At about the same time, Arthur Allen, president of ASG Software Solutions, sent a similar letter to his 1,300 employees, saying that the increasing burden of taxes and regulations could force him to sell his business, and that such a sale would almost certainly result in the loss of hundreds of jobs. Allen said that he had been fighting off takeover attempts for years, but that he didn’t know if he could continue to do so in the face of the current administration’s policies.
Some businesses are not waiting. For example, the restaurant chains Olive Garden and Red Lobster announced last week that they were going to move many of their workers from full‐time to part‐time because they cannot afford to provide the health insurance mandated under Obamacare.
Elsewhere, nonfinancial businesses are reportedly sitting on more than $1.7 trillion in liquid assets that they are not investing. There is a reason why so many businesses are, in effect, choosing to shrug rather than to put their resources to work building new plants and hiring new workers.
President Obama seems to believe that it is possible to love workers but hate employers. Both rhetorically and in terms of policy, he seems to believe that he can punish the 1 percent without harming the 99 percent. In reality, however, employers and workers, the 1 percent and the 99 percent, are inextricably tied together. The success of one brings opportunity and success to the other.
The president assumes that if someone is wealthy, his or her money just sits there, doing nothing. Much better, therefore, if the government takes that money and puts it to use. In reality, of course, individuals either spend that money or save and invest it. If they spend it, it helps provide jobs for the people who make and sell whatever it is they buy. If the money is instead saved and invested, it provides the capital that is needed to start businesses and hire workers.
If reelected, President Obama seems determined to push for higher taxes on the wealthy, businesses, and investors. The president has called for raising capital‐gains taxes, which will discourage business investment and expansion, and, of course, a huge hike in federal income taxes for those earning more than $250,000 per year. Such a tax hike will not just hit many families that are far from “rich,” but will fall especially hard on small businesses and Subchapter S corporations, which often file taxes as individuals. And we should not forget that U.S. corporations already pay the highest business tax rates in the world.
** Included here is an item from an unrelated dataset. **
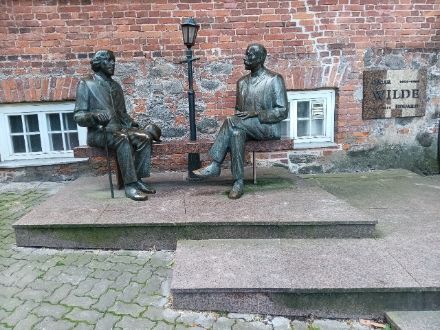 Eine Skulptur würdigt zwei Philosophen bzw. Dichter mit Namen Wilde, einer davon der bekannte Oscar Wilde, der andere der in Tartu lebende Dichter Eduard Vilde (im Original so geschrieben)
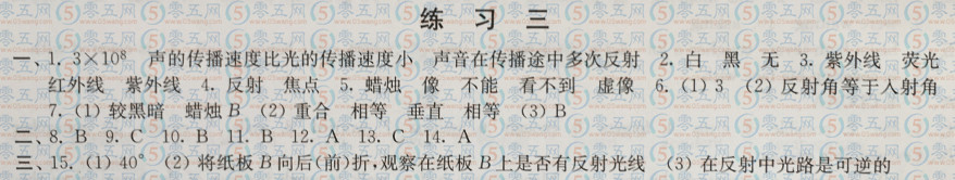 初中八年級寒假學習生活物理練習三答案

At the same time, businesses also fear the repercussions from our $16 trillion debt. In fact, if one includes the unfunded liabilities of Social Security and Medicare, this country’s real total indebtedness could exceed $130 trillion (in current present value). Measured as a percentage of GDP, our total debt exceeds the total debt of Greece or Spain. Any business owner looking down the road can only anticipate that he will soon face higher taxes, rising inflation, or further economic stagnation. This certainly doesn’t look like an opportune time to invest in or expand a business.
And new regulations are about to hit as well. Both Obamacare and Dodd‐Frank are winding their way toward full implementation. And the specter of “cap and trade” remains lurking over the horizon of a second Obama term.
Unemployment may finally have slipped slightly below 8 percent, but we are far from a healthy and prosperous economy. The real unemployment rate, including those discouraged from seeking work and those who can only find part‐time work, is 14.7 percent. In fact, if the labor‐force participation rate were at the same level it was four years ago, the unemployment rate would be 10.7 percent. Economic growth crawls along at an anemic 1.7 percent. Real household incomes are down $4,500 since January 2009.
That is pretty much the inevitable outcome of a policy that treats business success as the enemy.